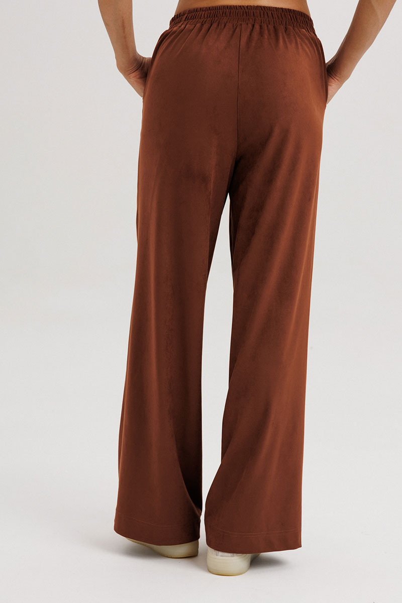Брюки-палаццо с притачным поясом с резинкой. По поясу проложены 2 параллельных строчки. Брюки выполнены из искусственной замши. На передних половинках брюк обработаны боковые карманы. Задние половинки брюк без конструктивных особенностей.
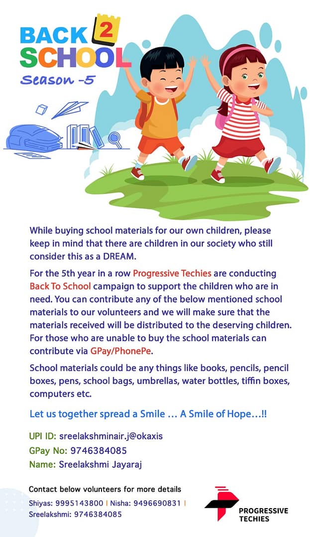 കൊച്ചി ഇൻഫോപാർക് കേന്ദ്രമാക്കി പ്രവർത്തിക്കുന്ന പ്രോഗ്രസ്സിവ് ടെക്കിസ് കൂട്ടായ്മ സ്കൂൾ കുട്ടികൾക്കായി വിവിധ സഹായ പദ്ധതികൾ നടപ്പിലാക്കുന്നു. സ്വന്തം കുട്ടികൾക്കായി പഠനോപകരണങ്ങൾ വാങ്ങുമ്പോൾ, സമൂഹത്തിൽ ഇവയൊക്കെ ഒരു സ്വപനം മാത്രമായി കരുതുന്ന കുരുന്നുകൾക്ക് കൂടി പഠനോപരണങ്ങൾ എത്തിക്കുന്നതിനാണ് ഇവർ മുഖ്യ പരിഗണന നൽകുന്നത്. തുടർച്ചയായ അഞ്ചാം വർഷമാണ് ഈ കൂട്ടായ്മ ഇത്തരം സാമൂഹ്യ സേവന പദ്ധതി വിജയകരമായി അവതരിപ്പിക്കുന്നത്.
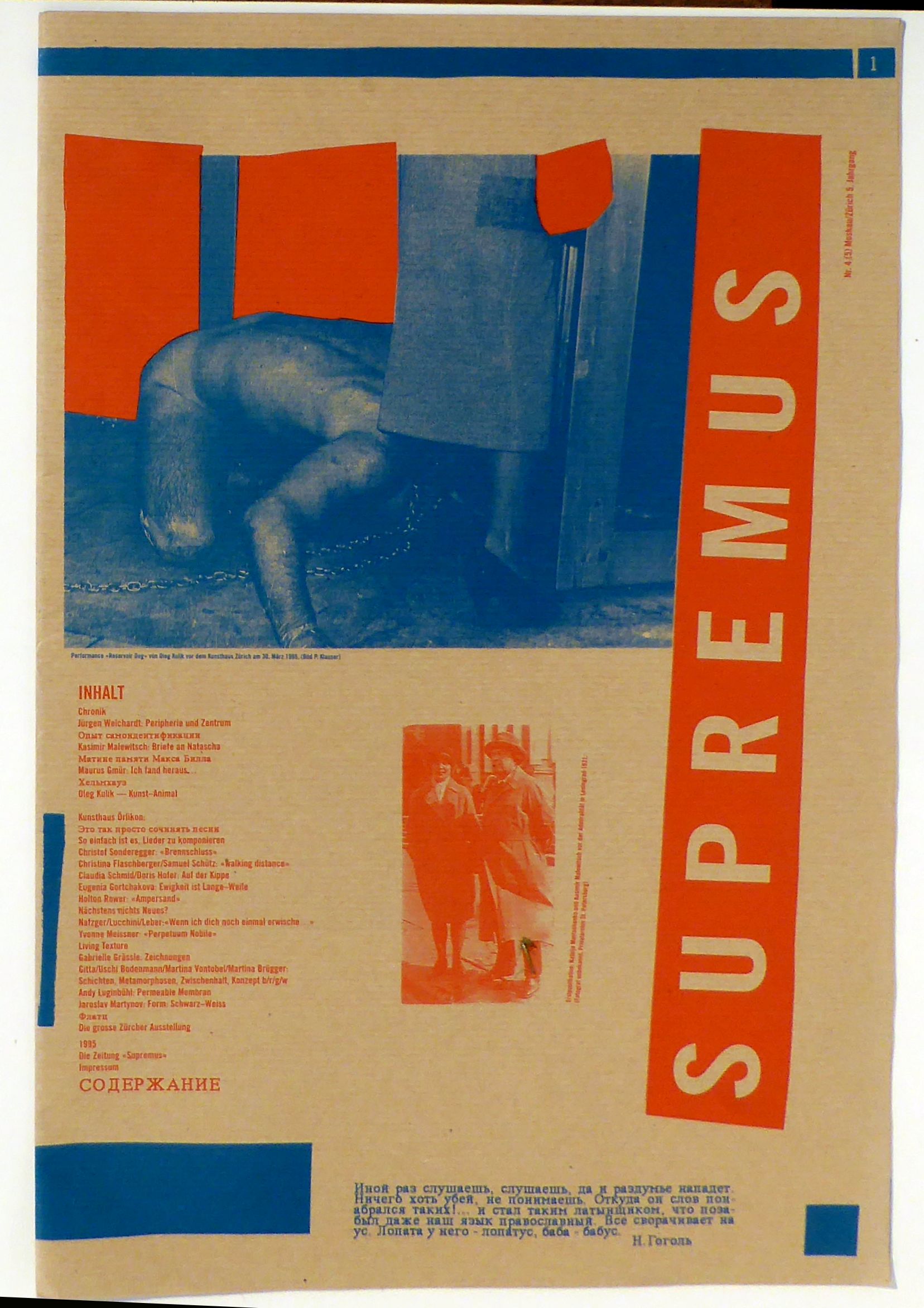Nr. 1 der Zeitschrift Supremus (1991-2001, beginnend mit Nummer 0). "Jede Nummer konzentriert sich auf ein bestimmtes Thema, wird von einem Künstler individuell gestaltet und unterscheidet sich in Farbe und Papier. Konstant bleiben stets das Format und der Umfang (16 Seiten) sowie der Zweifarbendruck. Als inhaltliche Grundlagen dienen hauptsächlich Publikationen, die in Verbindung mit Malewitsch und seinen Schülern stehen, Dokumente und Manifeste von Künstlern der Vergangenheit und der Gegenwart, schwer zugängliche Artikel aus Archiven der regionalen Presse, Chroniken laufender Ereignisse, Katalogangaben, Themen der Volkskunst, prähistorische und klassische Kunst." (Aus der Nummer 4/5)

> [What is required]:
The finished copy should match the data above word for word and contain no pictures.

> [Worked solution]:
Брюки-палаццо с притачным поясом с резинкой. По поясу проложены 2 параллельных строчки. Брюки выполнены из искусственной замши. На передних половинках брюк обработаны боковые карманы. Задние половинки брюк без конструктивных особенностей.
 കൊച്ചി ഇൻഫോപാർക് കേന്ദ്രമാക്കി പ്രവർത്തിക്കുന്ന പ്രോഗ്രസ്സിവ് ടെക്കിസ് കൂട്ടായ്മ സ്കൂൾ കുട്ടികൾക്കായി വിവിധ സഹായ പദ്ധതികൾ നടപ്പിലാക്കുന്നു. സ്വന്തം കുട്ടികൾക്കായി പഠനോപകരണങ്ങൾ വാങ്ങുമ്പോൾ, സമൂഹത്തിൽ ഇവയൊക്കെ ഒരു സ്വപനം മാത്രമായി കരുതുന്ന കുരുന്നുകൾക്ക് കൂടി പഠനോപരണങ്ങൾ എത്തിക്കുന്നതിനാണ് ഇവർ മുഖ്യ പരിഗണന നൽകുന്നത്. തുടർച്ചയായ അഞ്ചാം വർഷമാണ് ഈ കൂട്ടായ്മ ഇത്തരം സാമൂഹ്യ സേവന പദ്ധതി വിജയകരമായി അവതരിപ്പിക്കുന്നത്.
Nr. 1 der Zeitschrift Supremus (1991-2001, beginnend mit Nummer 0). "Jede Nummer konzentriert sich auf ein bestimmtes Thema, wird von einem Künstler individuell gestaltet und unterscheidet sich in Farbe und Papier. Konstant bleiben stets das Format und der Umfang (16 Seiten) sowie der Zweifarbendruck. Als inhaltliche Grundlagen dienen hauptsächlich Publikationen, die in Verbindung mit Malewitsch und seinen Schülern stehen, Dokumente und Manifeste von Künstlern der Vergangenheit und der Gegenwart, schwer zugängliche Artikel aus Archiven der regionalen Presse, Chroniken laufender Ereignisse, Katalogangaben, Themen der Volkskunst, prähistorische und klassische Kunst." (Aus der Nummer 4/5)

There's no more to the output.